Controversy follows MFSA after it comes under fire for poor regulatory oversight

The Malta Financial Services Authority (MFSA) has come under fire for lacklustre regulatory supervision after the publication of its 2015 Annual Report.

The report revealed that the MFSA contacted just 77 of the 875 regulated firms in Malta for an on-site compliance visit last year, equal to just 9% of regulated firms.

And that figure has remained steady for the past three years. In fact, the MFSA has failed to visit more than 10% of regulated firms in each of the past six years.

This is much lower than the 22% of firms visited in 2008, and the 16% visited in 2009.

This means that over the last eight years, the MFSA has visited an average of just 10% of Maltese regulated financial institutions every year.

The investment services sector received the highest number of on-site compliance visits in 2015, with 18% of firms being contacted by the regulator over the year.

Only two insurance companies, however, were visited over that same period equating to market coverage of just 3% despite the high risk nature of providing insurance cover for customers.

And the results that were conducted found some serious shortcomings in the Maltese financial services market. Common failings found on the compliance visits included poor conflict of interest policies, infrequent board meetings and a lack of proper due diligence and procedural oversight.

Two high profile failures have also highlighted the deficiencies of MFSA regulation.

Nemea Bank, which operated solely online, was forced into administration on 27 April 2016 after joint on-site inspections from the MFSA and European Central Bank found serious regulatory shortcomings.

The MFSA, however, had been made aware of potential problems at the bank as far back as April 2015, with the European Central Bank informing the Maltese regulator about problems at Nemea after it targeted Dutch and Belgian customers with unusually high interest rates on its savings accounts in order to secure funding to be able to offer consumer loans.

Meanwhile, in 2014 motor insurer Setanta Insurance collapsed putting 75,000 Irish motorists at risk and without cover.

The insurance company had been established in 2007 by chief executive Mike Matthews, with Malta chosen as the location of the company due to its less onerous regulatory requirements and its ability to trade in the Republic of Ireland under EU law without Irish regulatory approval.

The MFSA, however, once again failed to act in time to save the insurer despite warnings from other regulators, leading German MEP Sven Giegold, a member of the Banking Union Working Group, to say: “This again indicates that the MFSA supervision is weak, particularly because the authority reacted too late to the warnings of the Irish Central Bank.”

‘A serious breach of international standards’

MFSA chairman Joseph Bannister has also been criticised for potential conflicts of interest at the regulator amidst his involvement on collective investment services in the Cayman Islands.
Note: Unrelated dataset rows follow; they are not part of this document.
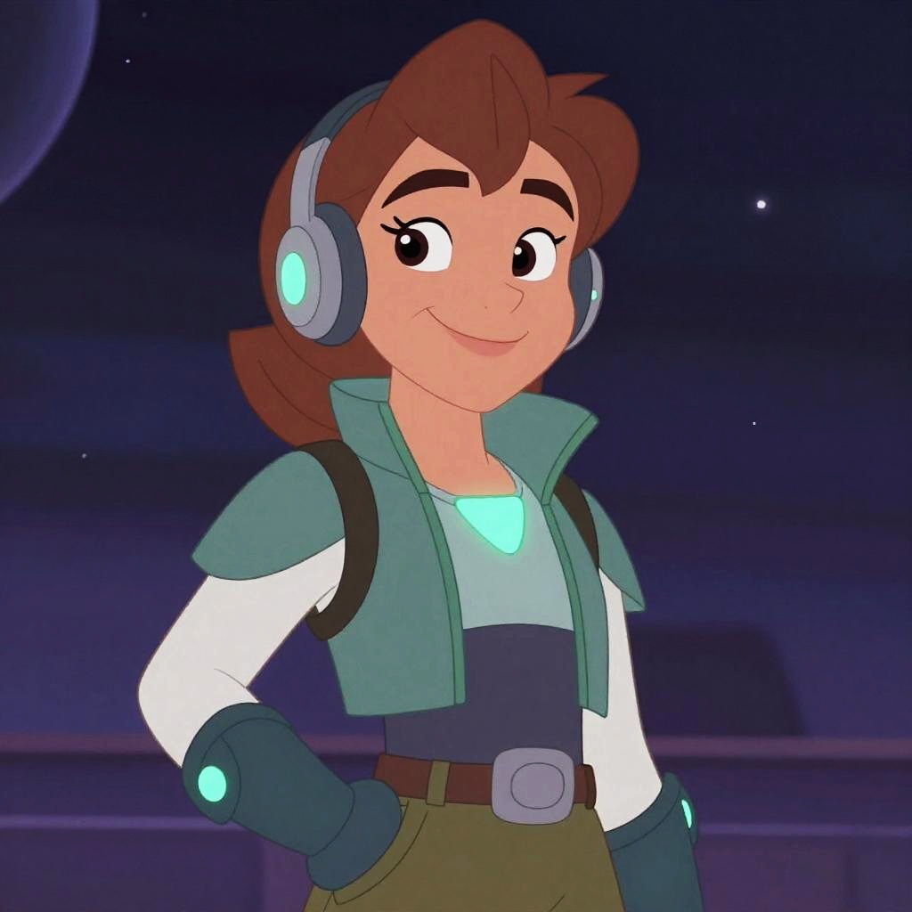 Bucky O'Hare Jenny animated style character portrait, confident smile, cool futuristic outfit, glowing tech accessories, softly lit background with space theme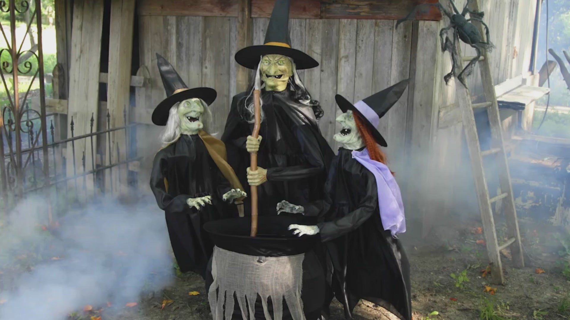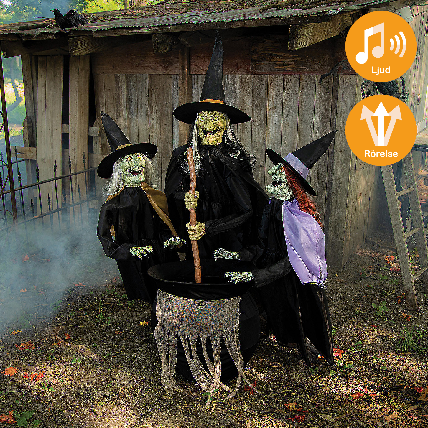 Tillkalla mörka fröjder med denna förtjusande häxtrio. Den är 1,5 meter hög och nästan 1,2 meter vid och kommer garanterat att dominera din hemsökta uppvisning med ondskefull charm och kusliga skratt!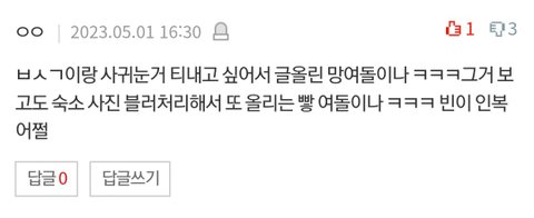 판은 진짜 장원영 못 잃는거 봐ㅋㅋ 장원영이 탑이고 잘 나가긴 하나 보네 상관도 없는 글에도 언급하고 악플 달리네 쓰니야 장원영 안티 ..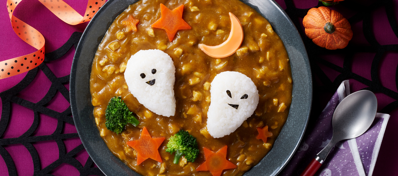 Mold the rice into ghost shapes, create faces using the nori seaweed, and place in a bowl. Pour over the curry from step [1] and top with [2].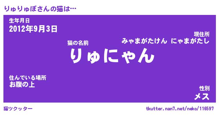 | 男性向けラノベタイトル風あだ名 | 『りゅりゅぼの憂鬱』 |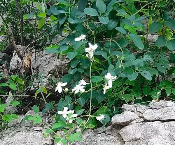 聚伞花序或为总状、圆锥状聚伞花序,有花3至多朵或花单生,腋生或顶生;花序梗、花梗有较密短柔毛;花直径1.5-2.5厘米;萼片4或5-6,开展,白色,倒卵状长圆形,长0.8-1.5厘米,宽3-7毫米,顶端常呈截形而微凹,外面有短柔毛,边缘密生绒毛,内面无毛;雄蕊无毛。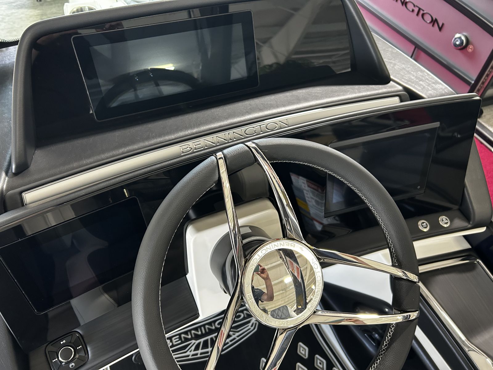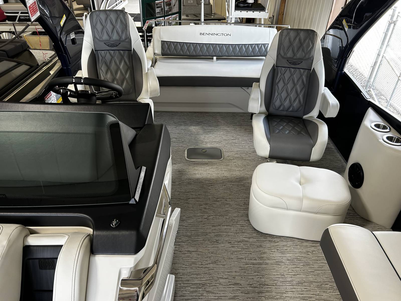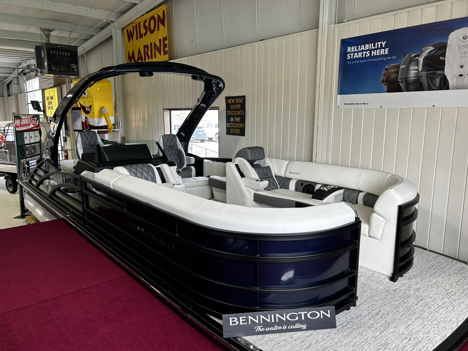 2026 Bennington 25 RSBA powered by a Yamaha F350XSA!Factory Installed Options:Exterior- smooth midnight blueInterior- pillowtop sport veneto white with perforated graphiteBlack canvasBlackout luxeCladded power archZebrawood matte slate trim accentValencia greyBlack corvina steering wheelLighted mesh logo on swing backLighted cupholdersExterior side lightsToe kick lightingOttomanAft/bow gate seat75" premium retractable keeper railDeluxe swing back queen reclinerMidnight blue embroidery packageStainless rub railPop up cleats bow & aftElliptical sport performance package 25ftFuel 73 galDual battery switchCenter storageGarmin 9 Vivid 12 Carbon displayMain display Vivid 12 Map54" removable aluminum ski pylon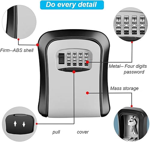 Key Lock Box 4 Digit Combination Safe, Wall Mounted Key Holder, Resettable Code Lock, Outdoor Security Box, Garage Key Storage, Garden Key Hider, Indoor Lock Box, Combination Key Safe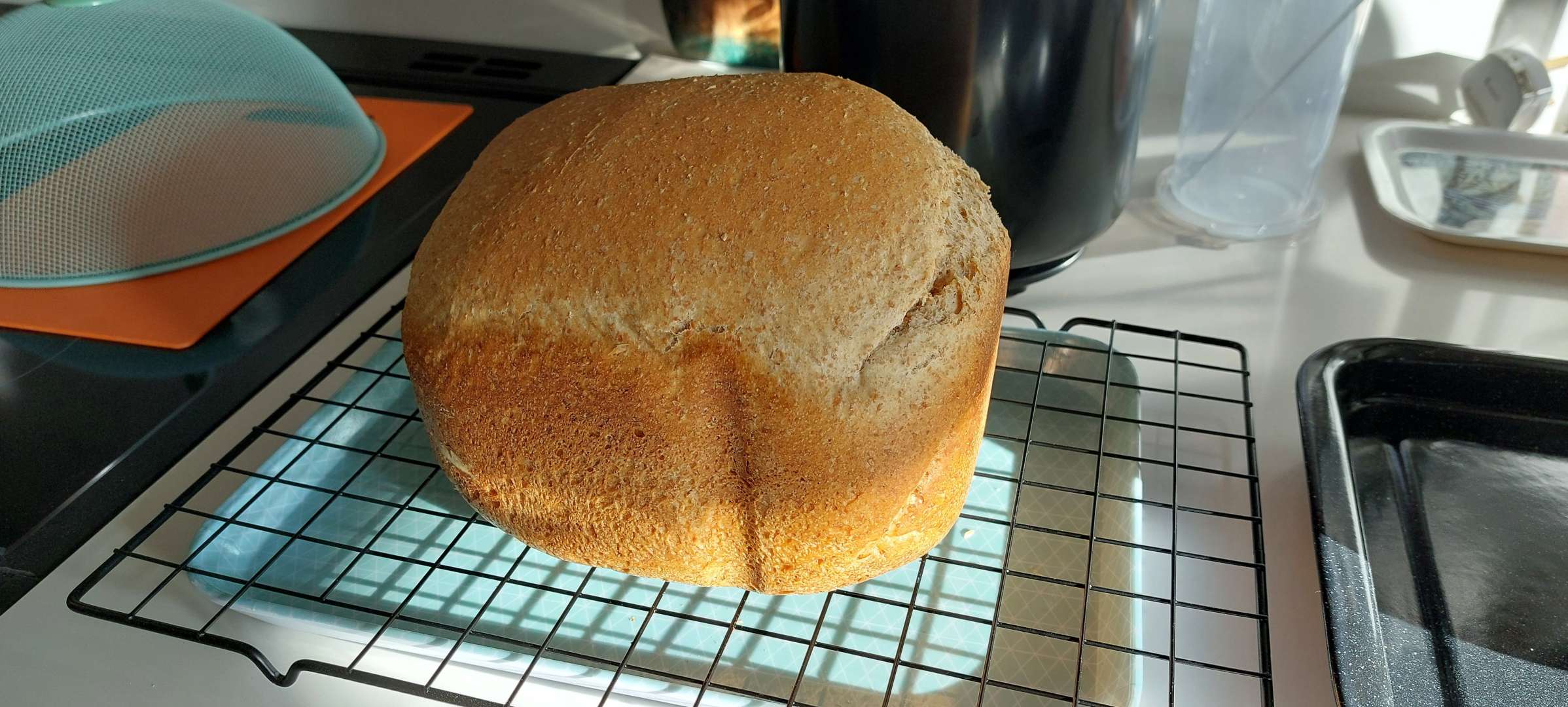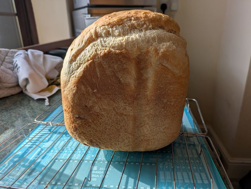 In other news, I have long been irritated by the weird shaped loaves, and I realised this is because the tin has to be that size so the paddle mixes it. I solved this problem in my head by having two paddles. Turns out that many manufacturers have tried twin paddle bread makers and they haven't been successful. A Breville one turned up on local eBay so I bought it. I'll let you know how it goes.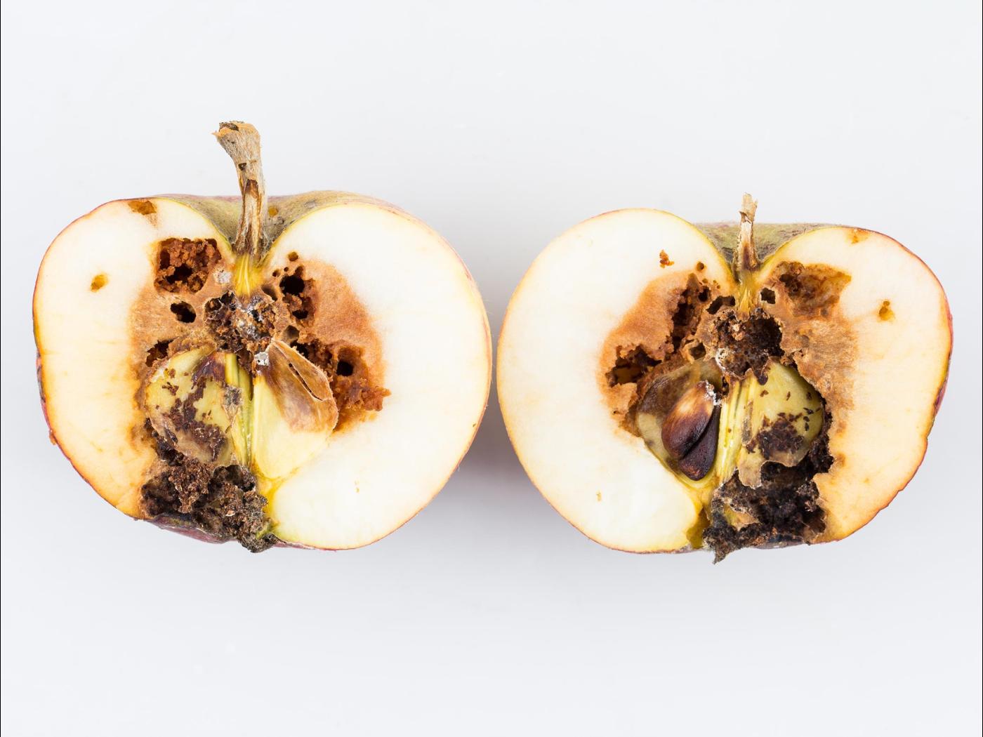 Description: Amas d'excréments de carpocapse de la pomme : la larve de Cydia pomonella creuse de larges galeries atteignant le cœur des pommes. De grandes quantités d'excréments brun-rougeâtre sont présentes à l'intérieur de la galerie ainsi qu'au point d'entrée dans le fruit.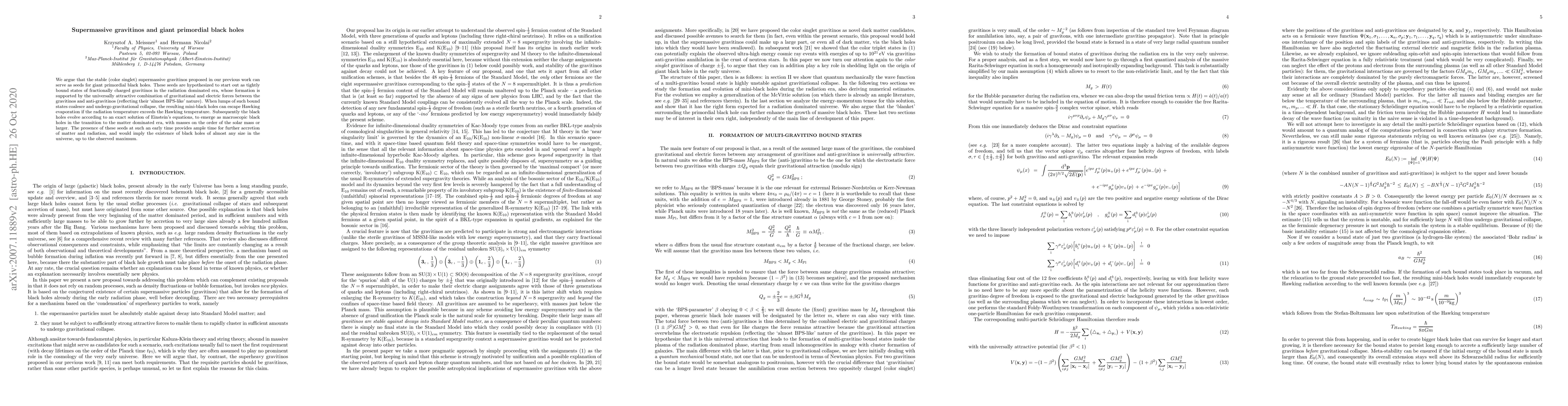 We argue that the stable (color singlet) supermassive gravitinos proposed in our previous work can serve as seeds for giant primordial black holes. These seeds are hypothesized to start out as tightly bound states of fractionally charged gravitinos in the radiation dominated era, whose formation is supported by the universally attractive combination of gravitational and electric forces between the gravitinos and anti-gravitinos (reflecting their `almost BPS-like' nature). When lumps of such bound states coalesce and undergo gravitational collapse, the resulting mini-black holes can escape Hawking evaporation if the radiation temperature exceeds the Hawking temperature. Subsequently the black holes evolve according to an exact solution of Einstein's equations, to emerge as macroscopic black holes in the transition to the matter dominated era, with masses on the order of the solar mass or larger. The presence of these seeds at such an early time provides ample time for further accretion of matter and radiation, and would imply the existence of black holes of almost any size in the universe, up to the observed maximum.

In 2012, it was revealed that Bannister was a non-executive director of Kairos Fund and was accused of favouring a co-director’s company for consultancies worth €463,000 with the MFSA.

The allegations are a serious matter for the MFSA, as regulatory heads are not supposed to be directly involved with any financial institutions due to the conflict of interest that could arise from such situations.

Giegold was once again the source of the criticism, writing a strongly worded letter to European regulators in June 2016 regarding claims about Bannister’s involvement in collective investment schemes based in the Cayman Islands.

In his letter, published in The Malta Independent in June, Giegold wrote: “I have recently been informed about the suspected breach of standards on operational independence of financial supervisors by Malta, as a result of serious conflicts of interest of the chairman of the Malta Financial Services Authority, Professor Joseph V. Bannister.

“It has been claimed on several occasions that the Chairman of the MFSA is a director on several collective investment schemes in the Cayman Islands. The Chairman of the MFSA has not denied this allegation and has instead indicated that this conflict was cleared by Malta’s Prime Minister in 2012.

“I regard Professor Bannister’s directorships as a serious breach of international standards on operational independence of financial supervisors, set by the Basel Committee of Banking Supervision, the International Organisation of Securities Commissioners and the International Association of Insurance Supervisors.”

Giegold continued by calling for a peer review of the regulator’s independence.

Bannister has also come in for criticism for his part in the award of a €950,000 direct order to accountancy firm Mazars Malta, a business which he has close ties to, for advice and assistance relating to Malta’s upcoming EU presidency.

Speaking in response to a parliamentary question from independent MP Marlene Farrugia, finance minister Edward Scicluna said that the direct order was handed out on the basis of ‘the expertise and the particular credentials of the major representative of the company in question’.

Scicluna was also asked to reveal which other firms had been considered for the direct order and whether the Prime Minister had been consulted, but he refused to provide an answer.

Maltese education minister Evarist Bartolo, a longtime critic of Bannister, has also called for the MFSA chairman to step down from his position.

“I’m not saying this because I am supporting anyone else but because it is simply unacceptable that a regulator spends more than 10 years in his position,” he said. “It is simply not healthy.”

“I have criticised Bannister because he’s a public person with huge responsibilities and I believe that he has failed in fulfilling his duties.”